Still, I think it's quite cool. I will leave below a bunch of potential applications for Google Trends data that I would find particularly interesting:

  • Sexual minorities: can we use Google searches to estimate sexual minority population shares in settings where sexual orientation and identity are heavily stigmatized? Stephens-Davidowitz has some work on this for the U.S., but I would be curious to see how this could be extended to countries where sexual minorities are criminalized.
  • Political outcomes: there has been a rising concern about how polls often underestimate voting intention for far-right parties (for instance, see here).

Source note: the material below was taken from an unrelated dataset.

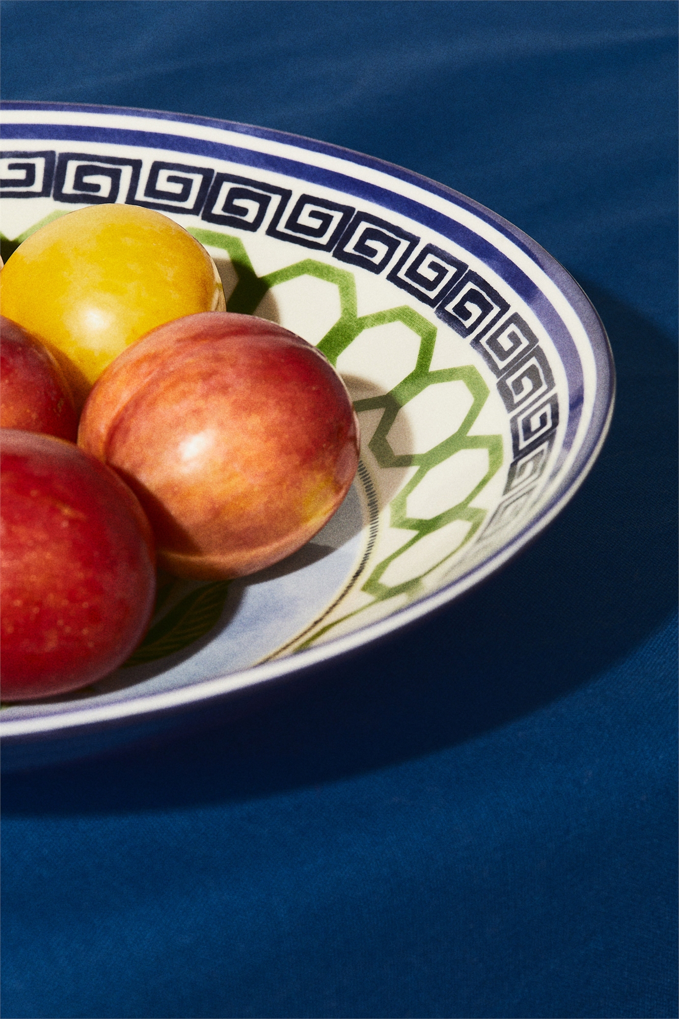 Большая сервировочная чаша из узорчатого фарфора. Высота 8 см. Диаметр 32 см.

Could we predict vote shares for controversial candidates at scale with Google searches?
  • Emergency situations and public safety: during emergencies, real-time data from Google Trends can provide insights into public sentiment or areas of concern, which might be faster or more accurate other methods. For instance, in the context of natural disasters, spikes in searches for emergency services or relief efforts can indicate the most affected areas or the public’s most urgent needs.

I will leave it here. If you have worked with Google Trends data before and have some cool applications in mind you would like to share, please feel free to get in touch!


Code and data

All the code used to produce the analyses in my blog posts (if any) is publicly available in my blog's code kitchen.


1 However, with some assumptions and creativity, it is possible to come up with proxies for absolute Google search volumnes. See Appendix C in Stephens-Davidowitz (2015) for more details.

2 I identify people with Hispanic/Latino origin in the ACS using the variable HISPAN. More details can be found here.

3 One further caveat is that the Google Trends metro areas are custom aggregates and do not correspond to standard metropolitan statistical areas (MSAs) or metropolitan divisions. Due to this, there has been some attempts to map Google Trends metro areas to more granular geographic units, such as counties in the U.S.


References

  • Stephens-Davidowitz, S. (2017). Everybody lies: Big data, new data, and what the internet can tell us about who we really are. Bloomsbury Publishing.
  • Stephens-Davidowitz, S. (2015). The cost of racial animus on a black candidate: Evidence using Google search data. Journal of Public Economics, 118, 26-40.
  • Ma-Kellams, C., Or, F., Baek, J. H., & Kawachi, I. (2016). Rethinking suicide surveillance: Google search data and self-reported suicidality differentially estimate completed suicide risk. Clinical Psychological Science, 4(3), 480-484.